Defendant relies upon Gruver v. Commissioner, 4 Cir., 142 F.2d 363; Oliver v. Commissioner, 4 Cir., 138 F.2d 910; Williamson v. Commissioner, 4 Cir., 201 F.2d 564; and Peebles v. Commissioner, 4 Cir., 249 F.2d 92. The authorities are readily distinguishable. In Gruver, the taxpayer was a real estate dealer who was merely advancing the argument that he was entitled to capital gains treatment because his land was traded or exchanged, rather than sold, where his customers were other real estate brokers. Again in Oliver, the taxpayer’s principal occupation was that of dealing in real estate, although he was also a farmer. There it should be noted that the taxpayer engaged extensively in development and sales activity when he laid out and paved the streets, installed drainage pipes, platted the land, advertised by sign, sold on the installment basis, and, finally, reported no farm income during the taxable years in controversy.

It is true that in Williamson v. Commissioner, supra, the case of Rollingwood Corp. v. Commissioner, 9 Cir., 190 F.2d 263, 266, is cited with approval, and in Rollingwood the court said:

“While the purpose for which the property was acquired is of some weight the ultimate question is the purpose for which the property is held. * * *
“* * * The purpose [of the capital gains provision] is to protect ‘investment property’ as dis*654tinguished from ‘stock in trade’, or property bought and sold for a profit. It is our view that this policy was not meant to apply to a situation where one of the essential purposes in holding the property is sale.”

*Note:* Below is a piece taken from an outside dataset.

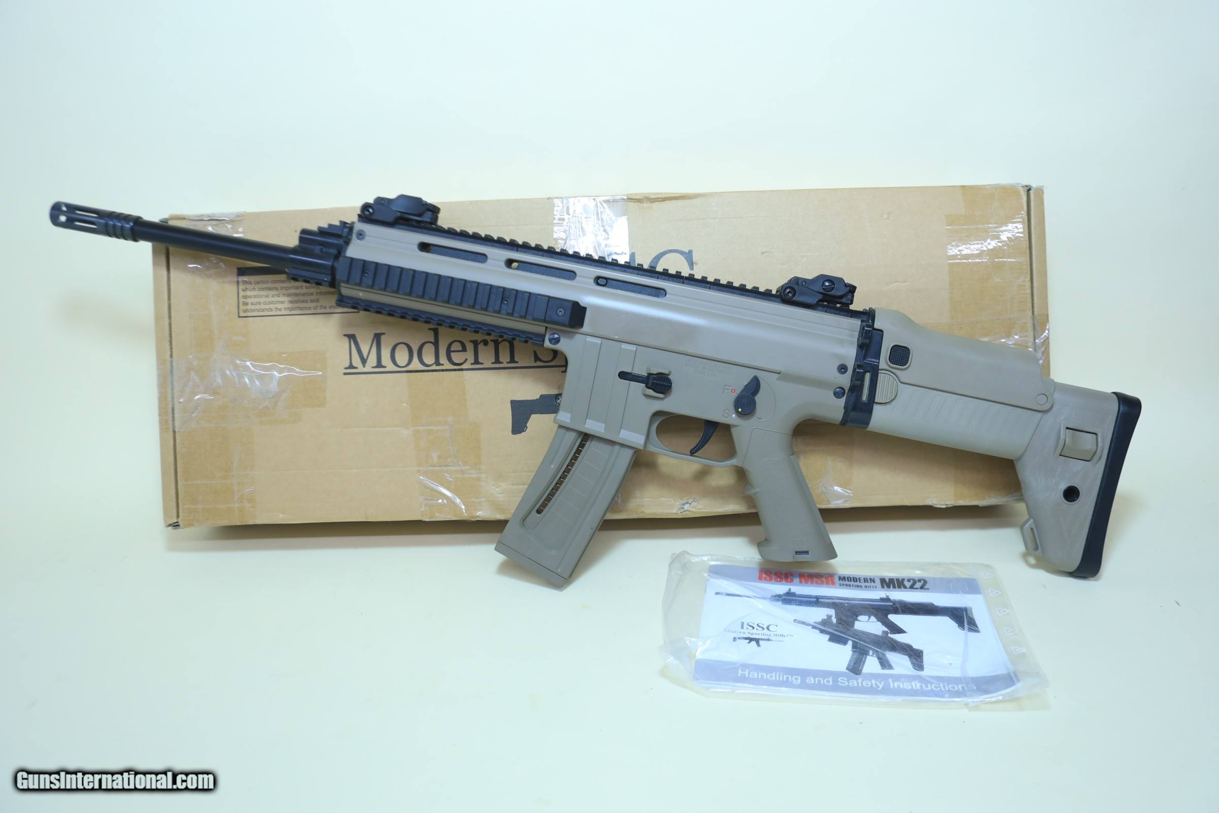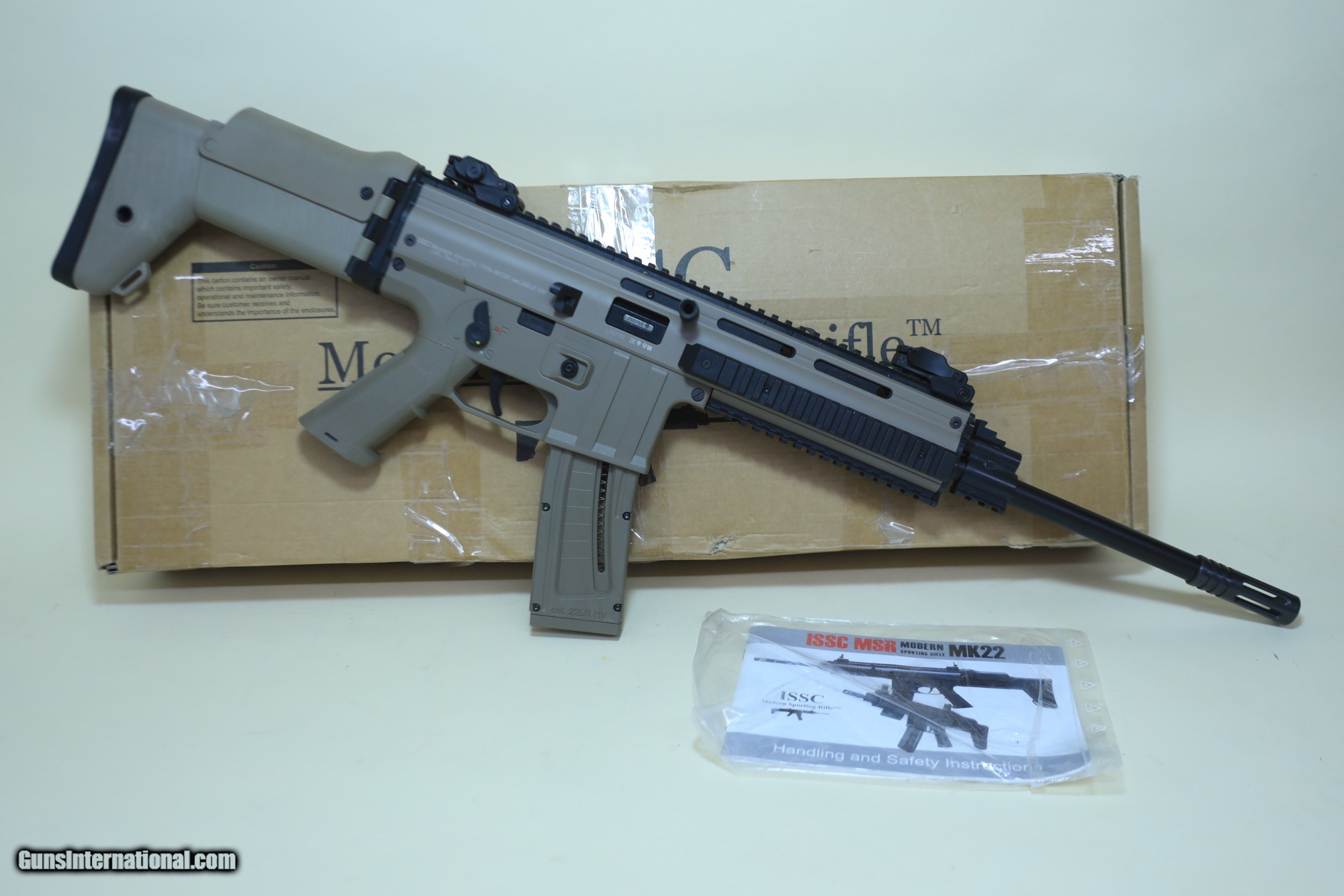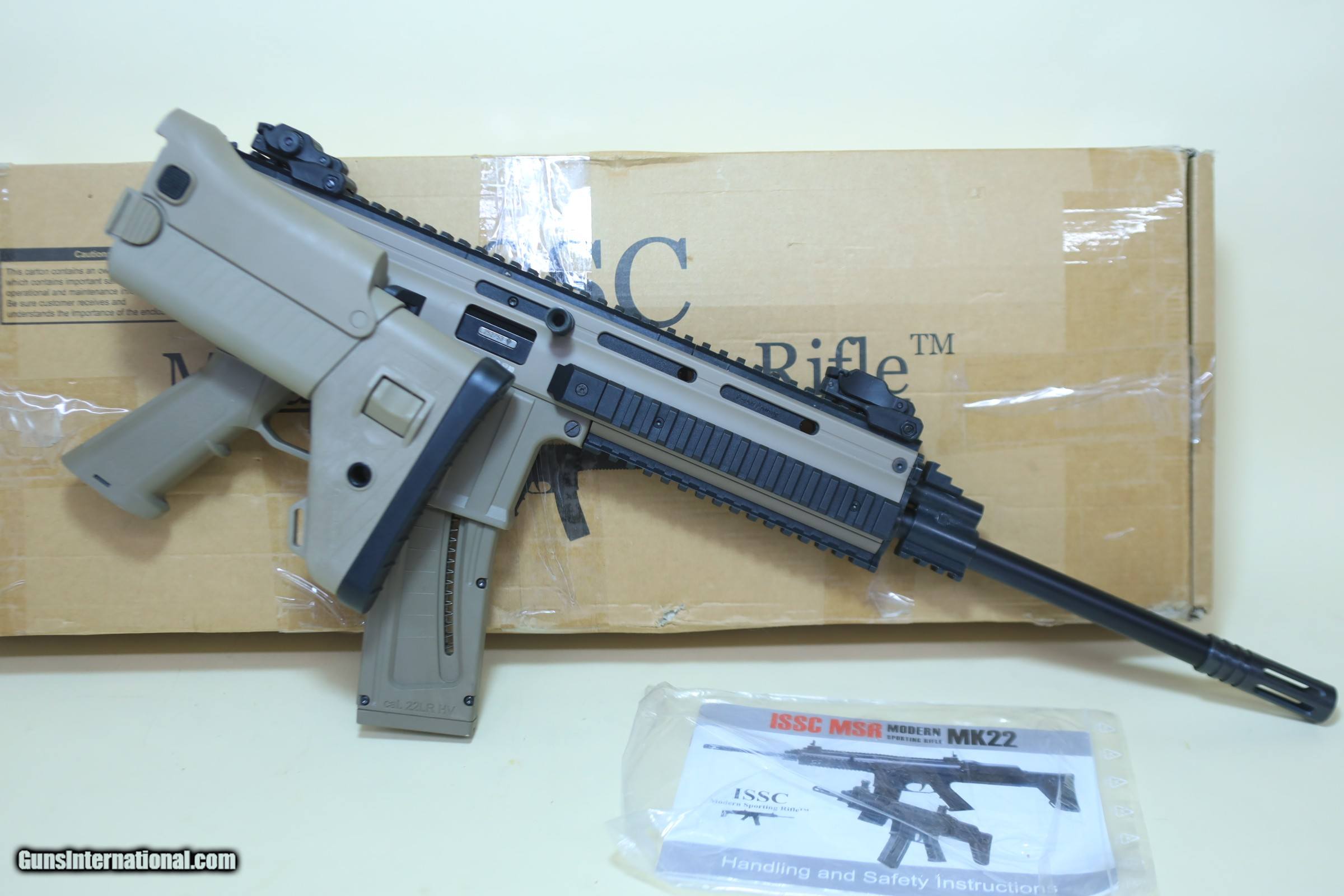 ISSC MK22 .22LR Semi-Auto scar Rifle – Flat Dark Earth, Folding Stock, Tactical Rail System

If we were to apply literally the rule as quoted above, it would be next to impossible to accord capital gains treatment to the sale of real estate once the taxpayer has recaptured his original investment. Certainly this was not the intent of Congress. As was said in Home Company v. Commissioner, 10 Cir., 212 F.2d 637, 641:

“One may, of course, liquidate a capital asset. To do so it is necessary to sell. The sale may be conducted in the most advantageous manner to the seller and he will not lose the benefits of the capital gains provision of the statute, unless he enters the real estate business and carries on the sale in the manner in which such a business is ordinarily conducted.”

The Williamson case applies the frequency and continuity test to profits on cotton purchased under “call” contracts by a gin operator from his own mill for the purpose of reselling it at a profit. The taxpayer’s business was that of buying and selling cotton. It is indeed difficult to reconcile a commodities case with that involving the sale of real estate. Furthermore, the doctrine pronounced in Rollingwood Corp. v. Commissioner, supra, referred to in Williamson, is definitely modified by the subsequent decision in Camp v. Commissioner, supra.

The recent case of Peebles v. Commissioner, supra, affirming 15 T.C.M. 801 affords but little relief to the defendant. The taxpayer therein originally acquired the land for investment, but later changed his approach by holding the property primarily for sale in the ordinary course of business. In so doing taxpayer improved the property by adding railroad sidings and acquired nearby properties to enhance the desirability of property already purchased. The court pointed out that activity of this type on the part of the taxpayer points away from a passive liquidation of property, particularly when he commenced his sales on the very day of his later purchases. See, also, Lakin v. Commissioner, 4 Cir., 249 F.2d 781.

There has been general approval of the tests laid down in Smith v. Dunn, supra, and Farley, supra. In addition to Camp v. Murray, supra, decided by this Circuit, we find White v. Commissioner, 5 Cir., 172 F.2d 629; Curtis Co. v. Commissioner, 3 Cir., 232 F.2d 167; and Goldberg v. Commissioner, 5 Cir., 223 F.2d 709. If we exclude the “civic mindedness” feature of the taxpayer in Camp, we come to the conclusion that the present taxpayer (Harcum) is far more “passively postured”.

A judgment order will be entered upon presentation.